En la frontera de China con Rusia encontraron una montaña inmensa de retretes. Se acercaron con precaución por si alguno tuviera aún aliento suficiente para jugarles una mala pasada o acaso se tratara de una emboscada, pero no fue el caso. Estaban todos muertos. No encontraron ni una pista de lo que pudo haber ocurrido en aquella llanura azotada por el viento.

Shiro fue el primero en morir. Al grito de ¡Banzai!, 86 kilos de porcelana cayeron sobre él desde el 7º piso del edificio de oficinas Petra, en el centro de la ciudad secreta de Shetnik-3. Shiro tuvo tiempo de desenvainar a Devastación y con un movimiento que rivalizó en velocidad con el rayo que engalana la tormenta, partir el dos el WC kamikaze. Por desgracia no pudo evitar que los cascotes cayeran sobre sus hombros con fuerza, rompiéndole ambos brazos. Era un completo inútil. No sería de ninguna ayuda para la misión, más bien un estorbo. Había perdido todo su honor. Esa misma tarde le ayudaron a suicidarse bajo un almendro que coronaba un montecillo a las afueras de la ciudad.

- Larga vida al emperador- grito al viento mientras Hiro, con lágrimas en los ojos pero el pulso firme, cercenaba la cabeza de su hermano.

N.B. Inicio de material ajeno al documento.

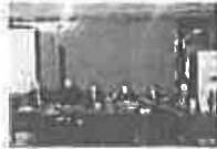
Druga press konferencija - Rad Tužilaštva Bosne i Hercegovine

Formirana "Inicijativa za zaštitu i očuvanje Istine o odbrambenoj borbi i ratu 1992. – 1995. – IZBOR
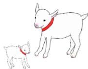
三和小保護者 Tさん

大きな学校で、切磋琢磨し鍛えられたほうがいいという考え方もありますが、子どもに穏やかにゆったり明るく小学校生活を送らせてあげたいと思われるなら、三和小学校がお勧め！自分が大切にされていることを、お子さん自身がきっと感じられると思います。三和小は、蛍のように一人一人が輝ける学校だと思います！
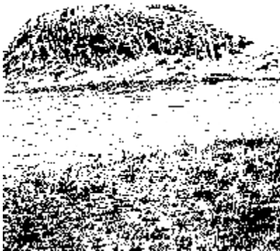
میشتا (= میسیسی ماننا) - تاش تپه ی ته مرۆ

تهنیا كه میکیان وهك ئیرانی دهردهكهون. كۆمهانی یهكه می ناوهكان پاشگری (كك) ی خوررییان ههیه. ئەمه لهم ناوانه دا ههیه:
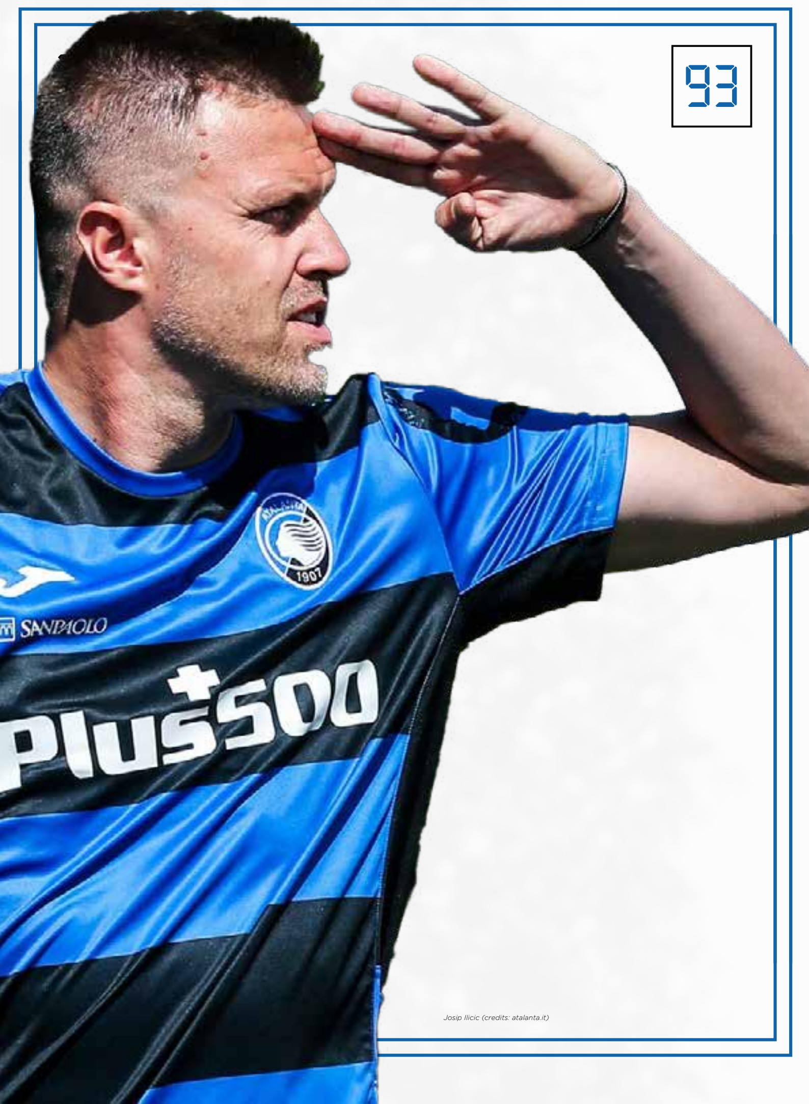
Josip Ilicic
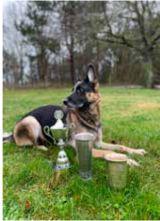
11 Amager's Qvalli
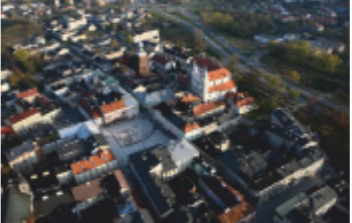
Piotrków Trybunalski - stare miasto

Wśród budowli godnych polecenia znajdują się m.in. kościoły katolickie, cerkiew prawosławna, kościół ewangelicko-augsburski i synagoga.
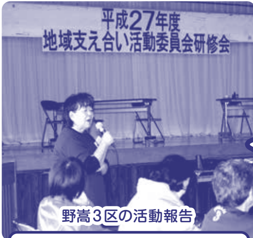
野嵩3区の活動報告

平成28年2月25日(木)に宜野湾市社会福祉センターにて「平成27年度地域支え合い活動研修会」を開催しました。現在、各地域で見守り活動が実践されている中、多くの関係機関や団体が協力し支え合って行ける体制づくりを目的に実施いたしました。当日は、地域支え合い活動委員、自治会長、民生委員や市内福祉事業所、企業からの参加もあり活発な意見交換が行われました。
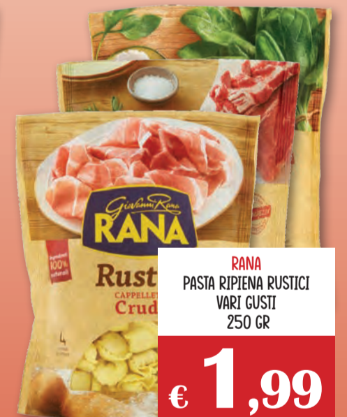
RANA PASTA RIPIENA RUSTICI VARI GUSTI 250 GR

La ceremonia fue breve. Rezaron una escueta plegaria shintoista y desearon que en el más allá pudiera disfrutar de la venganza que sus compañeros le dedicarían. Caos y devastación marcarían el lugar donde yacería su cuerpo por siempre.

Hasta llegar a Polonia no tuvieron contratiempos. No encontraron ni rastro de hombre o váter alguno. Las únicas muestras de vida la daban la pequeña fauna local: ardillas, ciervos, conejos... Pareciera como si la tierra se hubiera tragado a ambos contendientes para que dejaran de deshonrarla.

Tras cruzar un paso de montaña en el norte del país se desplegaba ante ellos un florido valle. El primero en ver al mensajero fue Suzuki, o más bien escuchó sus pesadas pisadas retumbar en las montañas que les rodeaban.

Una mancha gris se fue haciendo mayor hasta que pudieron distinguir a uno de los Sushiro Nises portando una bandera blanca. Era un mensajero del Shogun Karo. Sabedor del propósito de su viaje, había decidido salir al encuentro del vetusto emperador para entablar batalla en aquel lugar. El rostro de Aki Hito no se inmutó pese a haber sido tachado de antiguo, pero el fuego que ardía en su interior por la humillación verbal crepitaba en sus ojos.

En su infinita compasión, continuó el enviado, el Shogun Karo se comprometía a respetar la vida de los guerreros si decidían rendirse de inmediato, propuesta que fue respondida por las risas de los miembros del Loto Negro. Ya escuchas a mis samuráis, exclamó el emperador, vuelve con tu amo y dile que aproveche la noche, pues la mañana le traerá su final de forma irremediable.

Imperturbable a su vez, el enviado dio media vuelta y corrió hacia su campamento. Los guerreros se recostaron contra unos árboles para estar descansados cuando la batalla comenzara. Ellos no lo sabían pero aquel valle no había sido escogido al azar, pues la población autóctona lo conocía por el nombre de Dolina Smiercie: El valle de la muerte.

Fiel a su palabra, a ambos lados de la depresión se alinearon los dos bandos. Cuatro samuráis frente a 12.000 váteres de élite. No se a cuántos cabemos por cabeza, pero seguro que son más de 4, bromeó Suzuki. Las carcajadas llenaron el valle. Nadie se movía, nadie hablaba, ni murmuraba en el otro bando.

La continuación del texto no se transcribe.